IDENESIA.CO - Pemerintah Inggris mengambil langkah diplomatik berani dengan merilis nota kesepahaman baru bersama Otoritas Palestina yang menegaskan dukungan kuat terhadap solusi dua negara (Two-State Solution) berdasarkan perbatasan tahun 1967. Nota tersebut mencakup penolakan eksplisit terhadap pendudukan ilegal Israel atas wilayah Palestina, termasuk Yerusalem Timur.
Langkah ini diumumkan menjelang Sidang Majelis Umum Perserikatan Bangsa-Bangsa (PBB) pada September 2025, di mana Inggris direncanakan secara resmi mengakui keberadaan negara Palestina sebagai entitas berdaulat. Jika terealisasi, Inggris akan menjadi salah satu negara G7 pertama yang mengambil sikap tersebut, menyusul Prancis yang telah menyatakan komitmen serupa pada 24 Juli lalu.
Dalam dokumen resmi yang dirilis pemerintah Inggris, ditegaskan bahwa Tepi Barat, Jalur Gaza, dan Yerusalem Timur harus disatukan kembali di bawah satu otoritas tunggal. “Inggris mengakui hak rakyat Palestina untuk menentukan nasib sendiri, termasuk hak atas negara merdeka,” bunyi pernyataan dalam nota tersebut.
Nota ini juga menekankan peran penting Otoritas Palestina dalam masa depan Gaza, mencakup aspek tata kelola, keamanan, hingga pemulihan pasca-konflik. Inggris sebelumnya telah menyerukan penghapusan kekuasaan Hamas di wilayah tersebut, menyatakan bahwa kelompok itu tidak dapat menjadi bagian dari solusi jangka panjang.
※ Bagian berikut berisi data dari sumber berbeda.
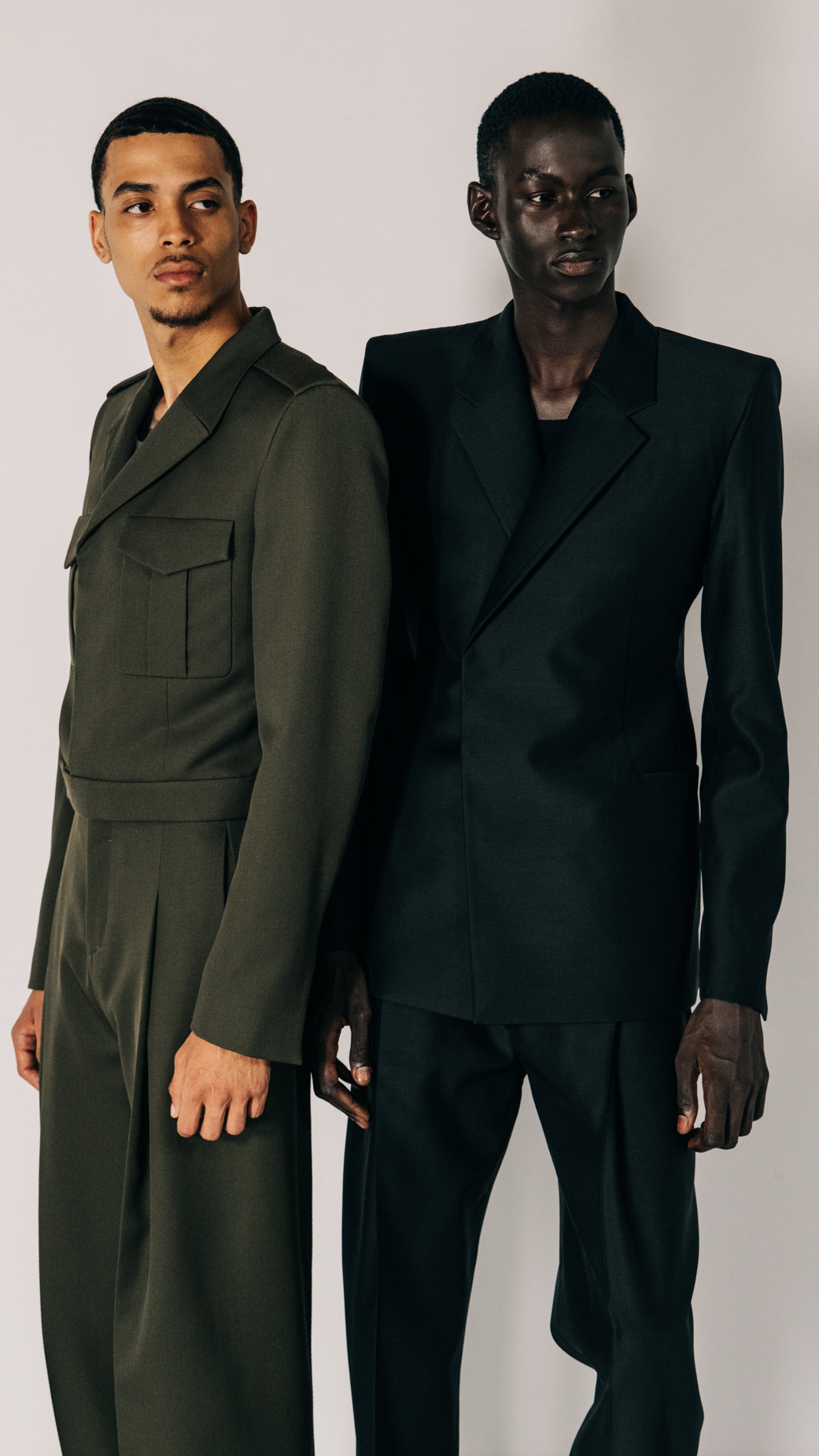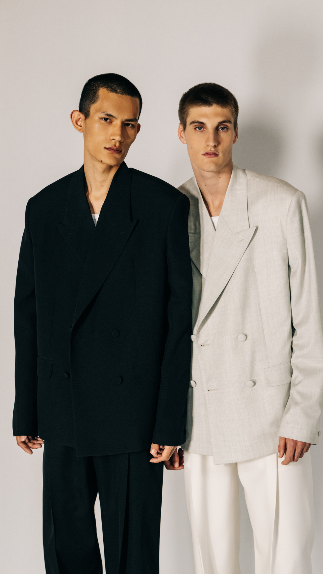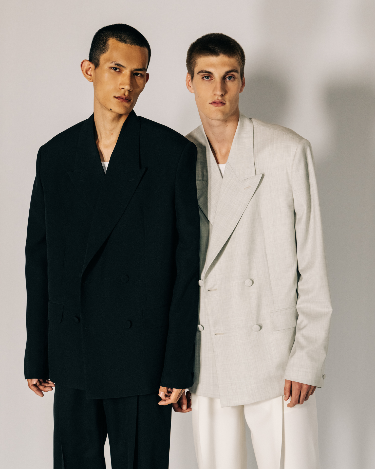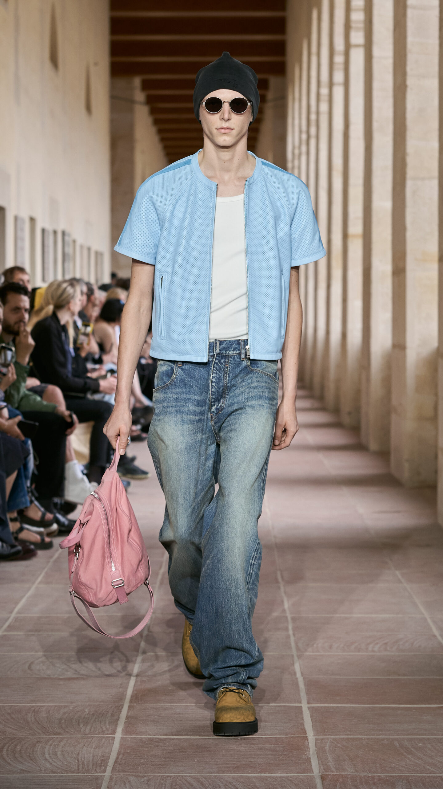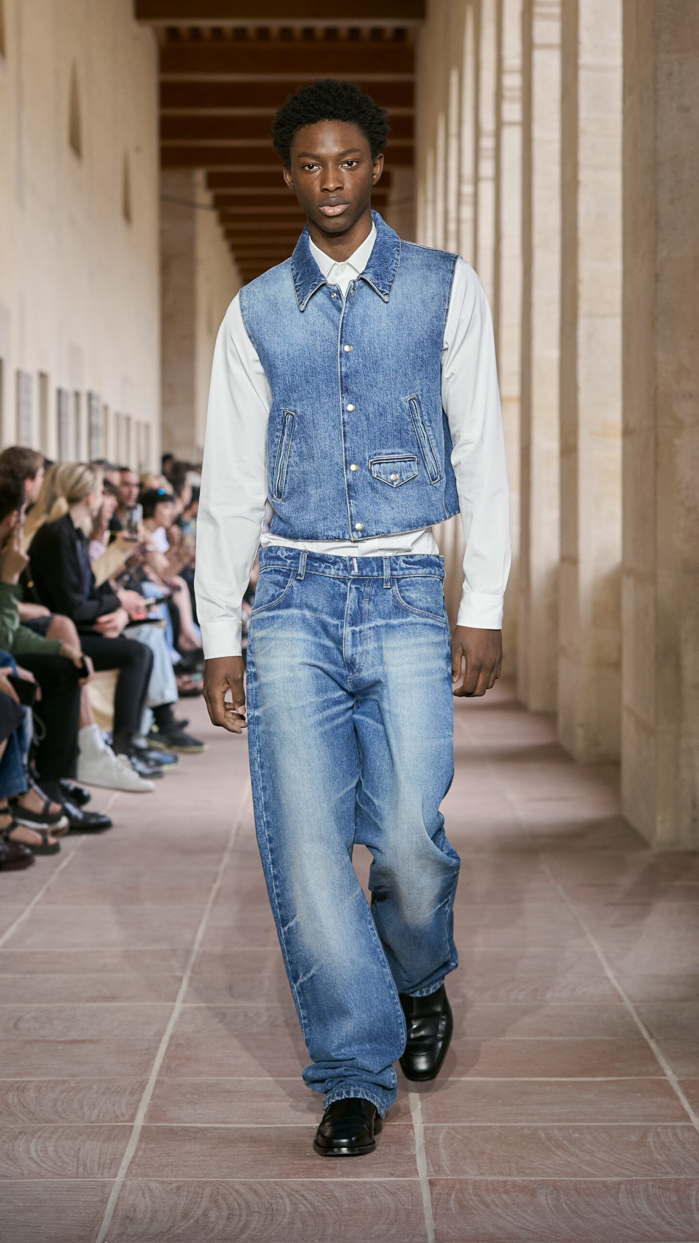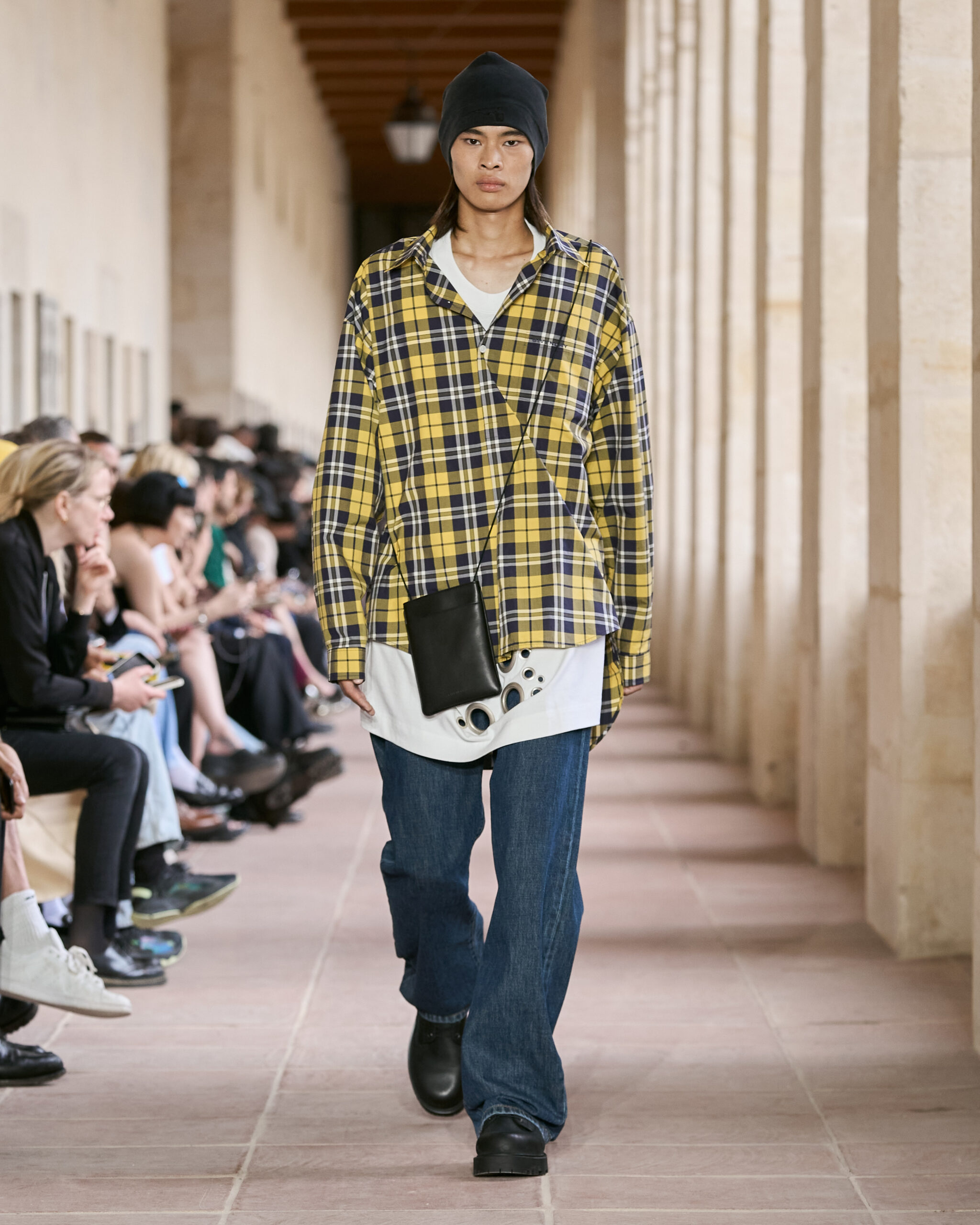 La silhouette évolue pour explorer les articles essentiels de la garde-robe, sublimés par des techniques de luxe. T-shirts longs, pièces en jersey, pantalons cargo larges et chinos surdimensionnés reflètent une idée de proportion réaliste. La texture, l’ajustement et le matériau se fusionnent pour créer une esthétique riche et multidimensionnelle, reflet d’une approche réfléchie de l’élégance masculine.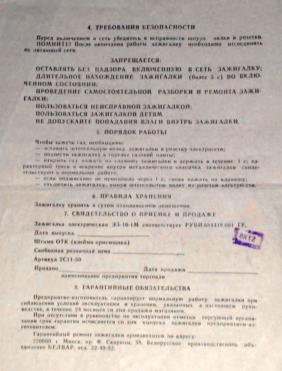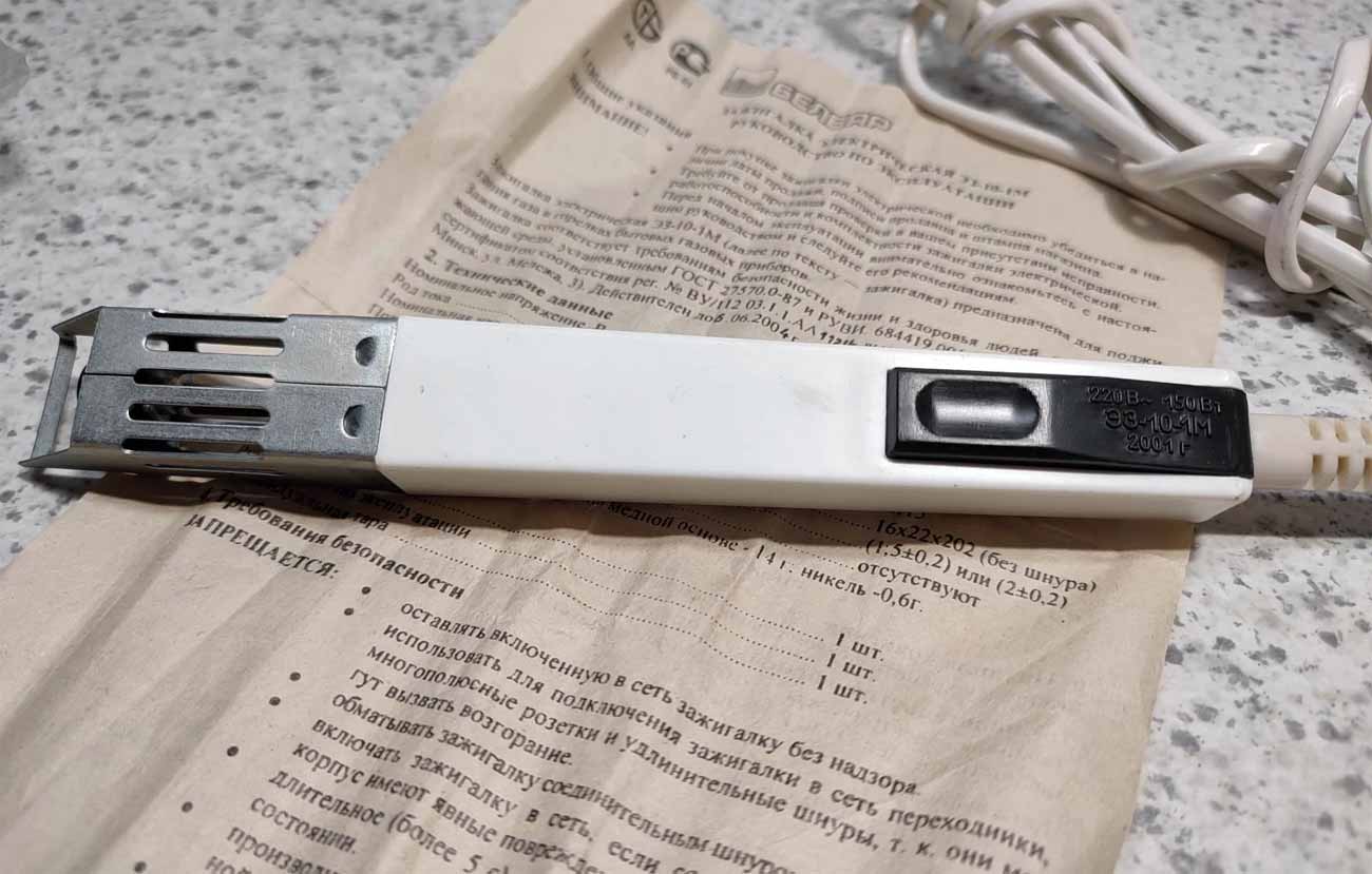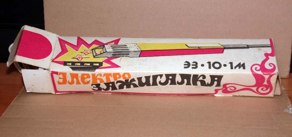 Зажигалка электрическая "ЭЗ-10-1М" выпускалась возможно с 1992 года Белорусским ПО "Белвар". Предназначена для поджигания газа в горелках бытовых газовых приборов.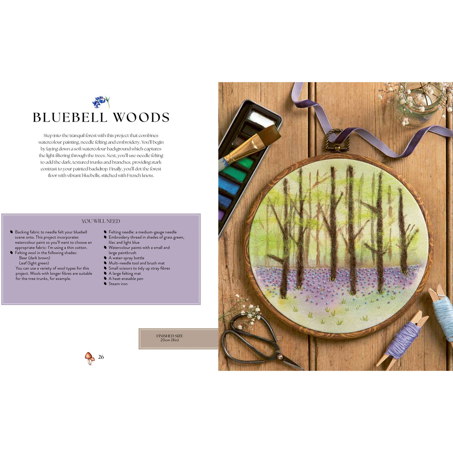 - Push your creative boundaries: incorporate embroidery techniques, watercolor, felt fabric and small foraged items, which add extra dimension and texture to bring your woodland scenes to life.
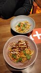 еда, интерьер, персонал-всё было на высоте!! из еды брали: курицу кунг-пао (супер насыщенный вкус сочной и нежной курочки в соусе), дим саны с курицей(интересная подача, очень стилёво и аутентично, по вкусу немного специй не хватило, но соуса, которые подавались с блюдом всё исправили), лапшу с цыплёнком (хорошая лапша, ничего плохого сказать не могу), и конечно карамельную калифорнию(я готова душу за неё продать, это было лучшее, что я вообще попробовала) из десертов взяли чизкейк с клубникой, опять же удивила подача(фото нет, но вы представьте в голове). десерт выглядел не так, как мы привыкли его видеть(кусок от целого торта), а в аккуратной маленькой пиале в виде йогурта¿¿ не могу точно описать, но вкусовые рецепторы были просто в восторге! из напитков брали два алкогольных коктейля(лавандовый джин и карма +1)и чай(потрясающий!!!) чек вышел за всё 3955₽, считаю, что сумма абсолютно оправдана! спасибо за атмосферу, обязательно приду ещё раз!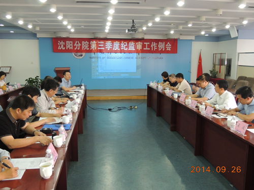 本次会议的主要内容是,传达院反腐倡廉重点工作研讨会精神,部署沈阳分院系统第四季度纪监审重点工作,交流各单位有特色的重点工作进展,现场观摩海洋所科研物资集中采购系统和所务公开的有关情况。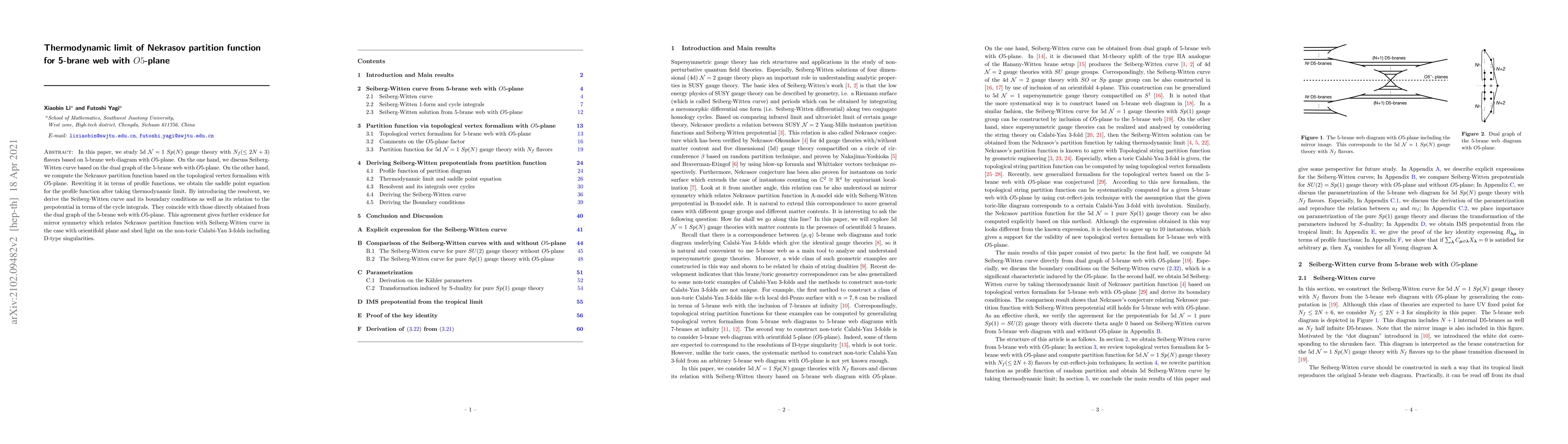 This paper investigates the thermodynamic limit of the Nekrasov partition function for 5d $\mathcal{N}=1$ $Sp(N)$ gauge theory with $O5$-plane, using the 5-brane web diagram. It derives the Seiberg-Witten curve and its boundary conditions through the topological vertex formalism, confirming the consistency with mirror symmetry and providing insights into non-toric Calabi-Yau 3-folds.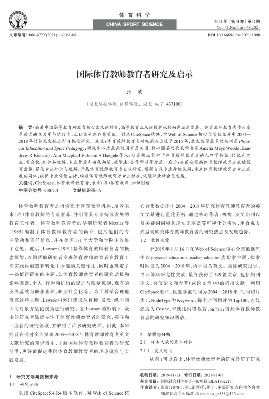2月28日,BBIN宝盈集团官网首页张波副教授以独立作者身份在国内体育学领域顶级权威期刊《体育科学》(2021年第11期)发表了题为“国际体育教师教育者研究及启示”的研究成果,我校为该研究成果的独立完成单位。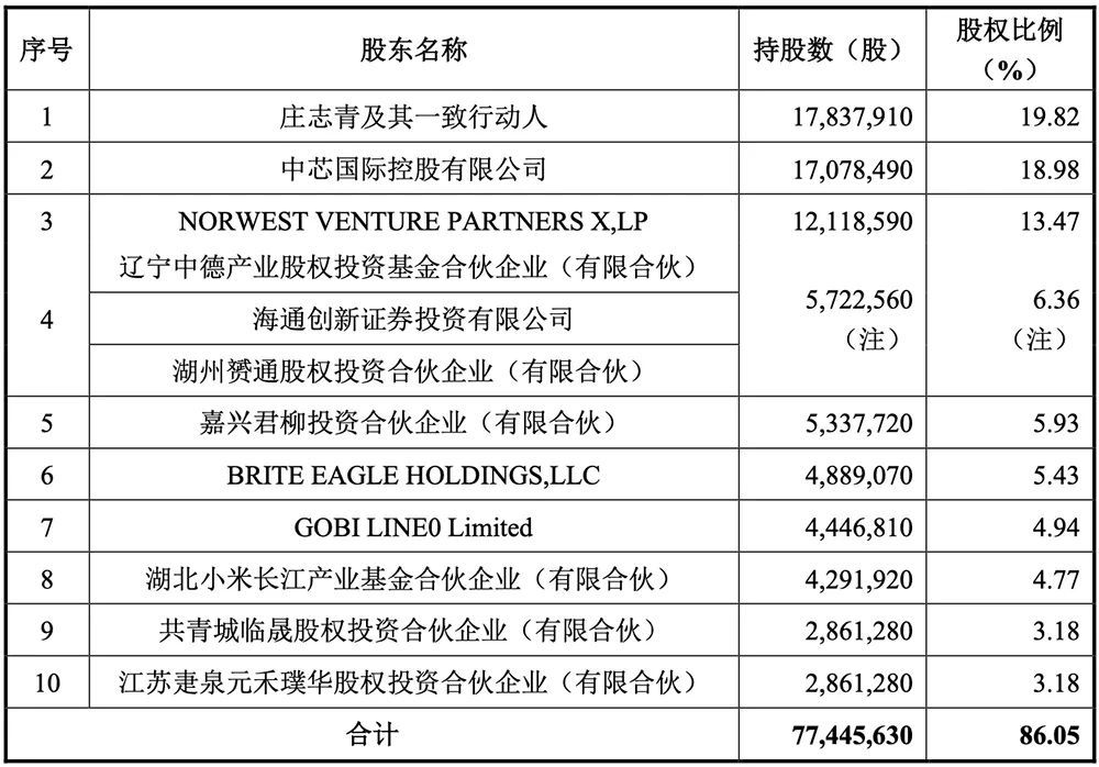 本次发行前,中芯国际控股有限公司为其第二大股东,持股18.98%;湖北小米长江产业基金合伙企业为其第八大股东,持股4.77%。

Di sisi lain, kebijakan ini memperlebar jurang diplomatik antara London dan Tel Aviv. Pada Juni 2025 lalu, Inggris telah menjatuhkan sanksi terhadap dua menteri Israel, yakni Menteri Keamanan Nasional Itamar Ben Gvir dan Menteri Keuangan Bezalel Smotrich, atas pernyataan-pernyataan mereka yang dinilai menghasut kekerasan terhadap warga Palestina.
Ketegangan meningkat setelah parlemen Israel pada 23 Juli mengesahkan mosi tidak mengikat yang menyerukan pencaplokan penuh terhadap Tepi Barat. Hanya berselang beberapa hari, pada 4 Agustus, sumber dalam pemerintahan Perdana Menteri Benjamin Netanyahu menyatakan bahwa Israel kini mempertimbangkan pendudukan total terhadap Jalur Gaza, dengan ekspansi operasi militer hingga ke wilayah barat Kota Gaza dan kamp-kamp pengungsi.
Dalam nota kesepahaman tersebut, Inggris turut menyerukan pelaksanaan pemilu umum yang inklusif di seluruh wilayah Palestina, termasuk Yerusalem Timur dan Gaza. London juga secara tersirat menolak usulan Amerika Serikat terkait pengambilalihan Gaza oleh pihak ketiga, dan justru menekankan perlunya rekonstruksi yang dipimpin langsung oleh rakyat Palestina sendiri.
Menanggapi kebijakan Inggris, Kantor Perdana Menteri Israel mengeluarkan pernyataan melalui platform media sosial X (sebelumnya Twitter), menyebut bahwa langkah Inggris sebagai “hadiah untuk terorisme biadab Hamas” dan memperingatkan bahwa “negara jihad di perbatasan Israel hari ini akan menjadi ancaman bagi Inggris besok.”
Sementara itu, Perdana Menteri Israel Benjamin Netanyahu masih menghadapi tuntutan dari Pengadilan Kriminal Internasional (ICC) atas dugaan kejahatan perang dan kejahatan terhadap kemanusiaan, terutama karena penggunaan kelaparan sebagai senjata dalam konflik di Gaza.
Langkah Inggris ini diyakini akan membawa dampak signifikan terhadap dinamika geopolitik Timur Tengah dan memperkuat tekanan internasional terhadap Israel untuk segera menghentikan pendudukan ilegal serta membuka jalan bagi solusi damai yang adil bagi rakyat Palestina.